# 750-880: Verwendung von HTTPS_POST



## Mephi (19 Februar 2016)

Hallo liebe Forengemeinde,

da ich bereits länger ohne Erfolg an der Lösung des Problems arbeite und neben Google auch dieses Forum durchleuchtet habe, hoffe ich auf eine Idee eurerseits:

Ich plane mir durch meine 750-880 (FW08 ) Pushnachrichten über den Dienst Pushbullet auf meine Geräte schicken zu lassen. Dies wird durch HTTPS POST Requests realisiert.

In der Shell habe ich bereits mit curl entsprechende HTTP Request erfolgreich abgesetzt, dafür ist erforderlich:

HEADER:
Access-Token: <Eigener Token>
Content-Type: application/json

BODY:
Diverse mögliche Attribute im JSON Format, z.B.:
{"body":"Elevator","title":"Test test test","type":"note"}

Bezügliche der Umsetzung in der Steuerung bin ich nach kurzer Recherche auf die WagoLibHttps_01.lib gestoßen, nach Einbau in die Software komme ich leider nicht über einen HTTP Error 401 hinaus. Da ich in Ermangelung an Beispielen leider unsicher bin, wie ich den FB zu befüllen habe hoffe ich auf eure Hilfe.

Derzeit habe ich den Baustein wie folgt Parametriert:
sServerName='api.pushbullet.com'
sMethod='/v2/pushes'
sContentType='application/json'
pabReqData='{"type": "note", "title": "test", "type": "body2"}'
uiReqDtaCount=<entsprechend>
abContentData=<entsprechend>
Der Rest ist leer/default

Den zur Authentisierung notwendigen Access-Token habe ich an die verschiedensten Stellen angehängt. Ich bin mir leider unsicher ob, und falls möglich wo ich diese zusätzliche Headerinformation anhängen muss, damit sie auch als Solche erkannt wird.

Hat jmd. den FB schon mal verwendet?
Ich bin für jeden Hinweis dankbar 


Viele Grüße
Mephi


----------



## .:WAGO::014731:. (19 Februar 2016)

[h=1]Hallo Mephi,

auf der WAGO Homepage findest Du diesen Anwendungshinweis mit entsprechenden Beispielprojekten:

[/h][h=1]http://www.wago.de/suche/index.jsp?q=A303000&action=search&frontendId=frontendGeneral_cms_de-de&lang=de#appnotedetails4153728000460261771
a303000 [/h]Using WagoLibHttp_02.lib 
This application note describes for what the library "WagoLibHttp_02.lib" could be useful. The examples do not provide ready to use solutions, they should illustrate what possible.
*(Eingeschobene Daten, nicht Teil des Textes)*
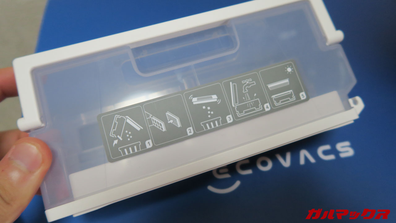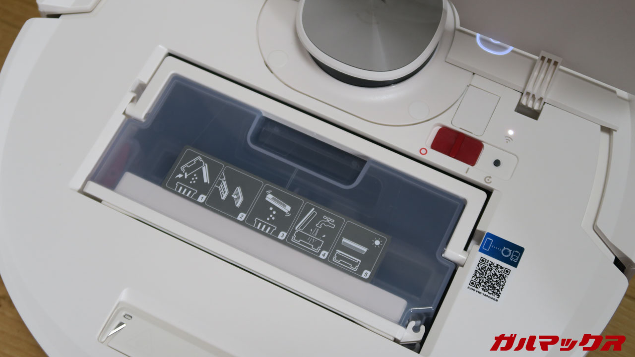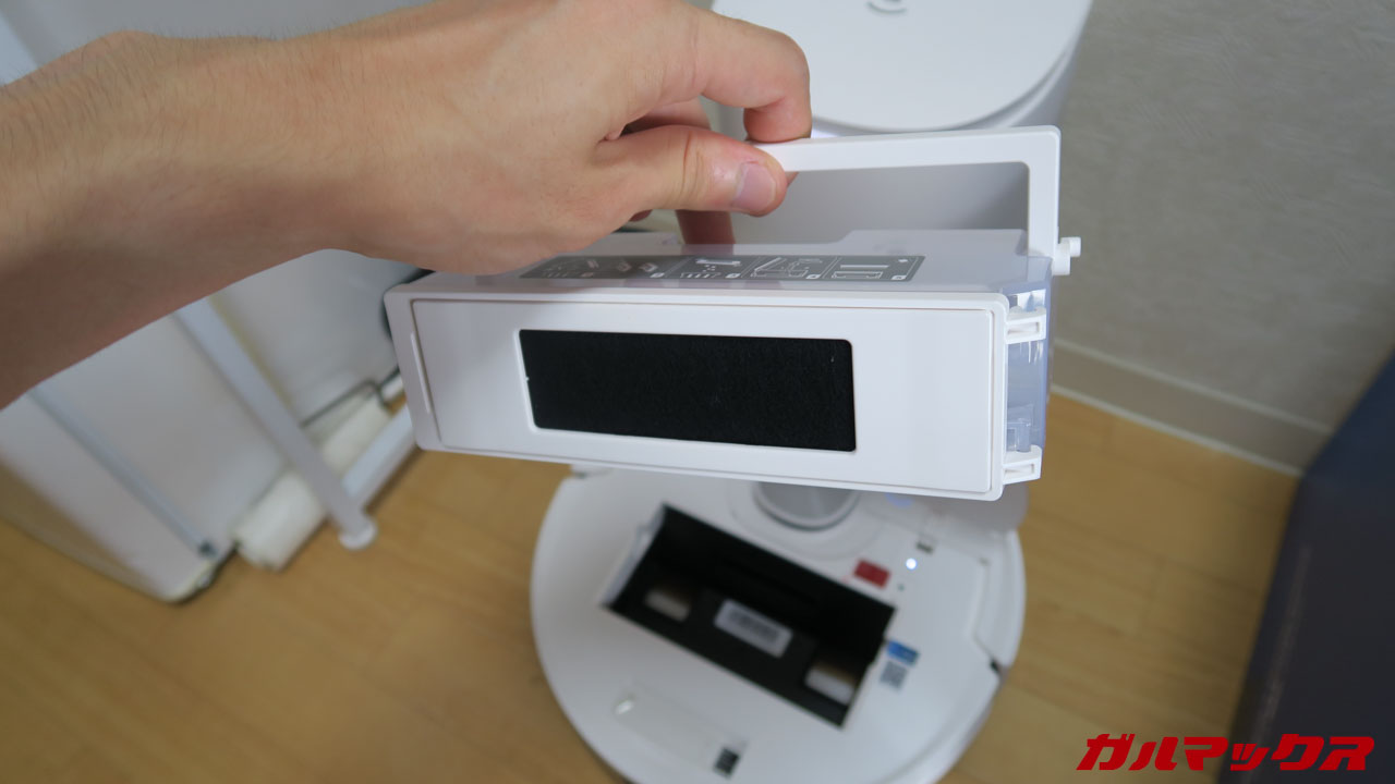 充電ステーションのノッポな見た目でわかった人もいると思いますが、ロボット掃除機からゴミを吸い上げて溜め込めるダストボックスが搭載されています。

The focus of this application note points to the transfer of request parameters from an automation device like WAGO Ethernet-Controller to HTTP-Server and how to process the response.


----------



## Mephi (23 Februar 2016)

Guten Abend,

@Wago Support: Vielen Dank für die schnelle Rückmeldung und den Tipp, leider haben mich die Anwendungshinweise auch nicht weiter gebracht. 
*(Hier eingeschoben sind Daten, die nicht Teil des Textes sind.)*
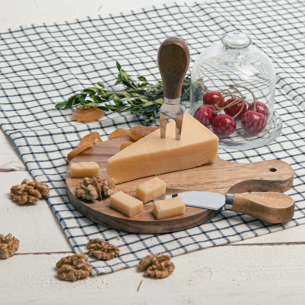 Набор для сыра: круглая доска с ручкой и два инструмента в комплекте - нож для мягкого сыра и вилка.

Das Problem mit der Pushbullet-API und der HTTPS Lib besteht gleich an mehreren Stellen:
- Will man den Access-Token zur Authentisierung in den Header packen fehlt einem (nach meinem jetzigen Kenntnisstand) leider die Möglichkeit, da der HTTPS-POST Baustein keine Modifikation des Headers zulässt (nur der Content-Type kann angepasst werden)
- Will man alternativ User und Password per Basic Authentication nutzen (wird durch Pushbullet ebenfalls unterstützt), kann man auf den modifizierten Header verzichten. Leider erwartet Pushbullet kein Passwort, der HTTPS-POST Baustein aber schon.

Ich bin jetzt alternativ auf Pushover umgestiegen, die API bietet zwar weniger Möglichkeiten, nutzt jedoch einen 0815 Header und übergibt die Credentials im Body. Mit diesem Dienst hat es dann auch auf Anhieb geklappt 
Kann diese Kombination nur jedem empfehlen, der von seiner SPS per Push auf dem Laufenden gehalten werden möchte:s12:


Gruß
Mephi


----------



## SeBu (9 März 2016)

Hello,

Could you please share the example of code (and configuration hints) how you use Pushover? 
I'm trying the same, but without success. I've already created application in pushover, I have Token/Key --> it works if I send the POST from e.g. Chrome plugin Postman. Question is how to correctly use WagoLibHttps? 

Regards,
Sebu


----------



## matze1708 (9 April 2016)

Hallo,

ich würde auch gern Pushover auf meinem Feldbuscontroller einsetzten. Kannst du mir bitte ine Beispiel hierzu zeigen?

Ich weiss nicht recht wo ich die beiden Tokens und die Message hinpacken soll :-(

LG Matthias


----------



## spszippy (12 Januar 2019)

Mephi schrieb:


> Guten Abend,
> 
> @Wago Support: Vielen Dank für die schnelle Rückmeldung und den Tipp, leider haben mich die Anwendungshinweise auch nicht weiter gebracht.
> 
> ...



Hallo Mephi,

Ich nutz im Moment auch Pushover, allerdings setze ich die Nachrichten als E-Mail ab, was aber ja einige Sekunden Zeitverzögerung zur Folge hat und weswegen ich jetzt zumindest die Haustürklingel über HTTP-POST absetzten will.

Ich habe erfolgreich eine Pushnachricht über die Windows Powershell absetzen können, bin aber bisher erfolglos bei dem HTTP-POST Baustein, da ich nicht nachvollziehen kann wo dort token, user und message Anhängen sol. Kannst du bitte hierfür ein Beispiel posten ?

Desweiteren hab ich festgestellt, das "https://api.pushover.net" nicht von meiner Wago aufgelöst werden kann...dies ist eine IPV6 Adresse, kann es sein dass der Baustein nur mit IPV4 Adressen umgehen kann !? Funktioniert der Pushover-Service bei dir noch ?

Grüße

SPSzippy


----------